Melvina Walker
Kathryn S Gardiner | Published on 12/1/2018
Forgotten Foremothers
Profiles of lesser-known heroines in the fight for women's rights
“...keep your eyes open,” Melvina Walker said to her fellow poor and working-class women. “...Organize yourselves, don’t be led away by people with ‘superior brains,’ we have something more than that; we have practical experience.”
From her first involvement with the Women’s Social and Political Union and the leadership of the Pankhursts, Walker strained against the middle-class scope of the suffrage and feminist movements of her time. Walker was married to a dockworker and worked in London’s East End. She criticized the WSPU’s dismissal of the needs of mothers and the organization’s divide from those who had to work for a living, despite their sacrifices for the cause. (Working women often used their one day a week off from work to walk to the city’s center and participate in the WSPU’s protests and speeches, adding their voices to the rallying cry for their rights.
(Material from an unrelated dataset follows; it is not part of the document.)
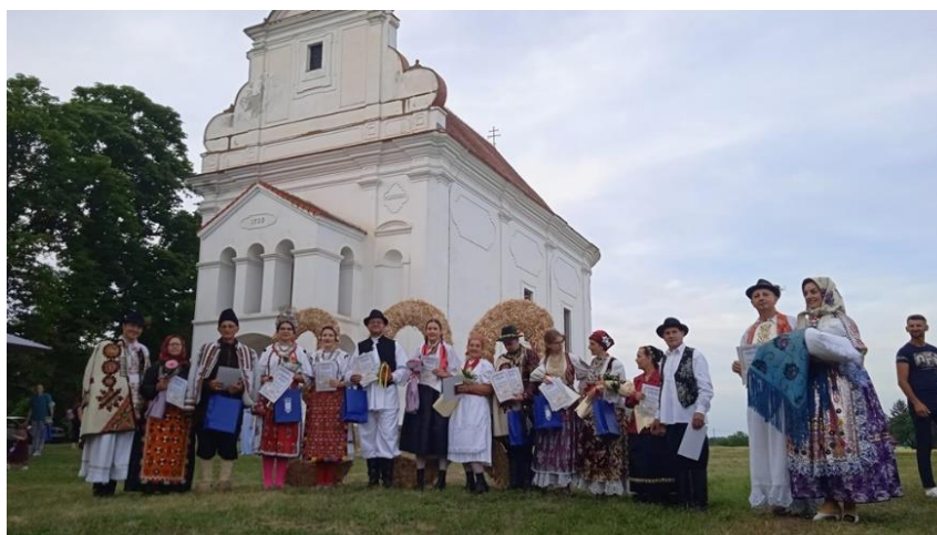
Slika 26. Baranjski bećarac

Program manifestacije počinje sa Šokačkim vašarom . Program je ispunjen plesom i pjesmama folklornih društava, posebice onih hrvatskih iz Baranje, Slavonije i Vojvodine (Srbija). Predstavljaju se i brojni oblici šokačke tjestenine kao što su trganci , taške , gomboce , rezanci i sl.

Walker distinguished herself as a powerful public speaker and a leader able to energize the East End workers. “She seemed to me like a woman of the French Revolution,” Sylvia Pankhurst said of Walker’s fiery speaking style. “I could imagine her on the barricades, waving the bonnet rouge, urging on the fighters with impassioned cries. When in full blood of her oratory, she appeared the very embodiment of toiling, famine-ridden, proletarian womanhood.”
In 1914, the East London section of the WSPU was expelled from the organization specifically because of their “socialist” focus that emphasized class as well as gender reform. Walker and others then became the East London Federation of Suffragettes. In the coming years, the name would change again, becoming the Women’s Suffrage Federation in 1916, then the Workers Socialist Federation in 1918, revealing not only the commitment to socialism, but also their support of the Russian Revolution.
Walker often attended political gatherings to meet other working women “who have the same struggle as I to live and who like myself have been chloroformed in the past by parsons and pious ladies who tell poor women that if they want better homes they must wait till they get up above for heaven is their home,” she wrote in The Worker’s Dreadnought, a newspaper published by the East London organization.